Recent embedded devices consist of multi-core processors and have increased computing power. The legacy RTOS written for uniprocessor systems needs to utilize the capability of these multicore processors. To meet the requirements of today’s world and to make use of the additional computing capabilities of the embedded systems, either the functionalities of RTOS need to be extended or the GPOS needs to incorporate some RT features. Embedded systems are proceeding towards exploiting virtualization technology to have the benefits of RTOS and GPOS on the same system. This combination provides both a timely, deterministic behavior and a general-purpose application codebase. Virtualization was originally designed for enterprise systems targeting general purpose applications and hence the RT responsiveness of RTOS running inside a VM is still a concern and it is necessary to analyze and tune the performance.

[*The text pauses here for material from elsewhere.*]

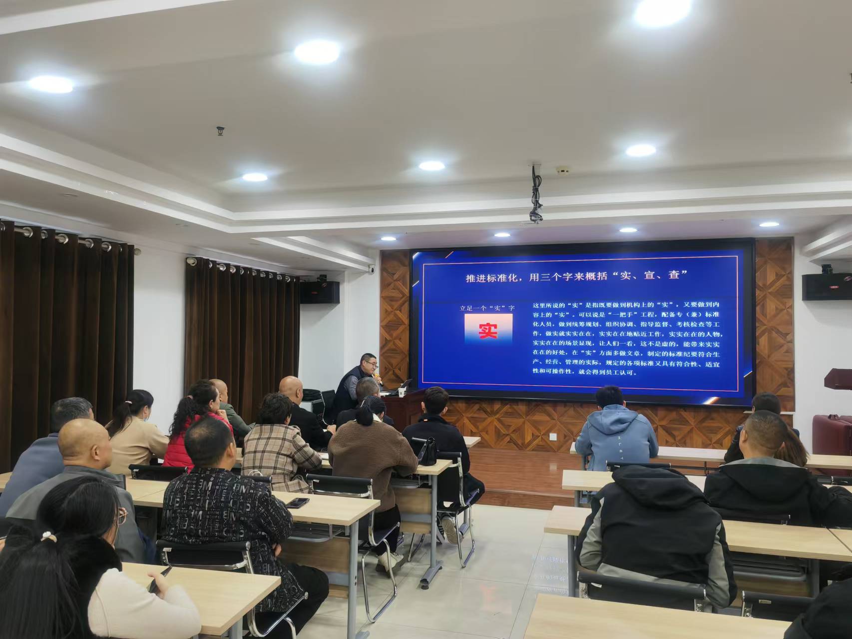 為推動潔霸餐飲公司的標準化進程,助力公司標準化建設,11月9日,公司舉辦餐飲標準化工作培訓會,邀請陳前云老師進行培訓。餐飲公司20余名員工參加培訓。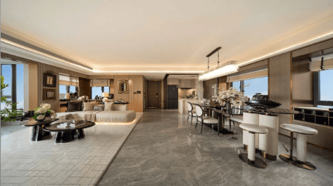 中海保利朗阅打造建面约98-182㎡舒居三至四房产品,户型设计贴合改善家庭需求,空间利用率高达96%-100%,全明通透、动静分区、南向采光,每一款户型均具备核心优势。其中建面约140㎡南北通透三房两厅两卫户型,采用纯板式格局设计,南北双向采光通风,室内空气对流流畅,全天候阳光充盈;LDK餐客厅一体化衔接约8.9米IMAX观景阳台,直面社区中轴园林景观,空间开阔通透,既是家庭休闲核心区,也是社交聚会场所;主卧套房面积超30㎡,配备L型全景飘窗与独立卫浴,私密性与舒适度兼具,次卧空间宽敞,可作为儿童房、老人房或书房,满足多元居住需求;入户玄关设置收纳空间,干湿分离卫浴设计,细节之处尽显人性化考量。建面约182㎡豪宅三房两厅三卫户型,为高端改善家庭量身打造,270°环绕式景观阳台长度超16米,尽揽内外双园美景,景观视野无遮挡;LDK一体化搭配中西岛台设计,半开放式厨房实现交互式生活,烹饪与社交同步进行;超30㎡宽奢主卧套房配备双飘窗与步入式衣帽间,独立卫浴干湿分离,尽享奢华居住体验;入门隐藏式储物柜可打造私人酒窖,4+1百变空间可灵活改造为书吧、健身房等,满足个性化生活需求。全系户型均采用高标精装交付,品牌厨卫、智能系统一应俱全,兼顾实用性与高端性,打造舒适奢阔的居住空间。

The contributions of this paper are: (1) The real-time performance of KVM virtualization architecture is analyzed on a multicore system. Different real-time tuning measures are proposed to reduce the latency of the RT process on the RT guest VM and the performance with different tuning measures is analyzed. The effect of these tuning measures on non real-time tasks is also analyzed. (2) As part of this work a VM resource monitoring tool named ‘VM_stat’ is developed to obtain the resource usage of each thread in guest VMs. Using this tool, one could easily acquire the process details, overloaded CPUs, scheduling information, etc. Information from such a tool is necessary to tune the system appropriately.